A Postmodern Love
Page 6
Of course Mike Nguyen noticed his demeanor and inquired very tactfully about what was troubling Thomas. He was Thomas’s longtime friend and partner. At the age of eleven, he had immigrated with his parents to America after the Vietnam War. His family had been sponsored by another family from Thomas’s church. Consequently the two boys had gone to the same church and had grown up in the same working class neighborhood, though they hadn’t become friends until a fateful day during high school when Thomas fought the bully who had been harassing Mike almost daily. They had become fast friends, a meeting of Mike’s gratitude and Thomas’s bashing in his new tough guy image. They had even gone to the same college. During their second year of college, when Thomas had no idea what he wanted to major in, it was Mike who gave him the idea of being a doctor. “I don’t know about you, Thomas,” Mike had said to him as they sat in front of Powell Library during a study break. “I don’t want to go crazy and try to be rich, but man, I’m so tired of being poor. As a doctor you’ll never be out of a job, and it’s good for your karma. That’s what I’m going to be.” Though they later went to different medical schools, they kept in touch and even goaded each other on to go into the same specialty. After residency, they got together and had been partners ever since, though Thomas had never told Mike the truth about fighting Bill, the bully.

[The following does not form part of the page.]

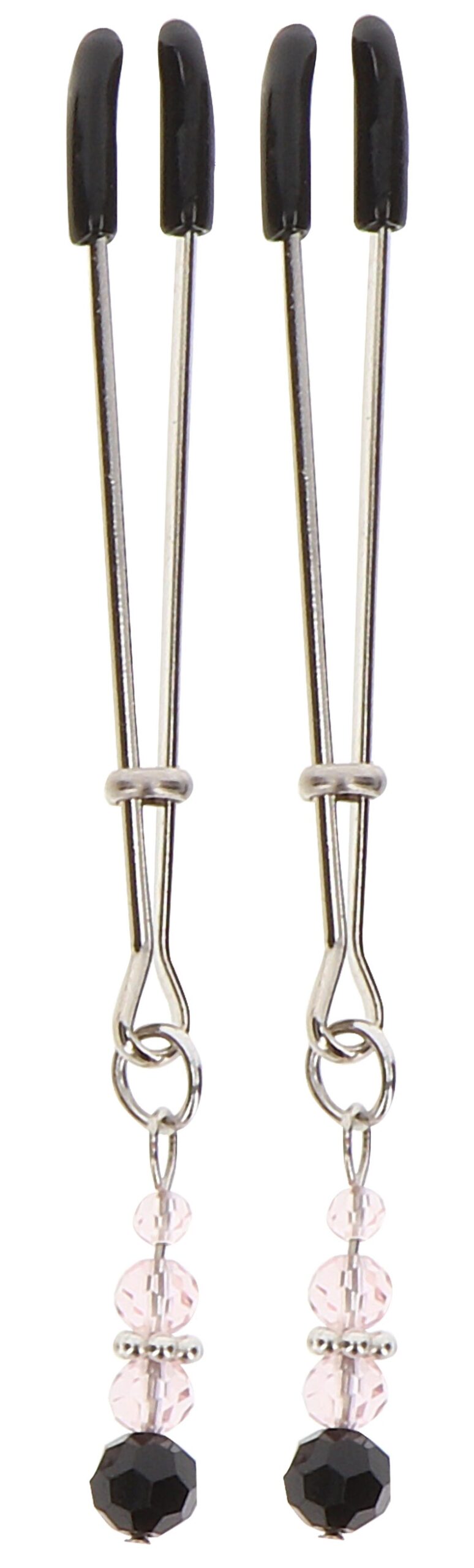 Ces pince-tétons en métal Tweezers Beads sont idéales pour stimuler les tétons et apporter des sensations intenses pendant les moments coquins. Avec des bijoux suspendus. Les extrémités sont protégées (revêtement PVC)

On the following Monday, Thomas decided to bring Mike into the fold, to sound out his thoughts, to have input from an outsider, hoping to retain something of his own sanity against the emotions that continued to churn and swell beyond his control. So after all the staff had left, they went to Mike’s office. Thomas leaned back in his chair, taking hesitant breaths, as Mike eyed him with his characteristic twittering way. A slight nasal twang rang in his voice. His black hair was salted with gray streaks, and his forehead was permanently etched with wrinkles. His dark brown eyes tended to dart side to side, as though he was intent on reading anyone he happened to talk to. Behind Mike, a bookshelf held various medical texts and framed photos of his family—a wife and two children—too many of them, shining and reflecting, linking together like a shield. A faint smell of disinfectant was everywhere.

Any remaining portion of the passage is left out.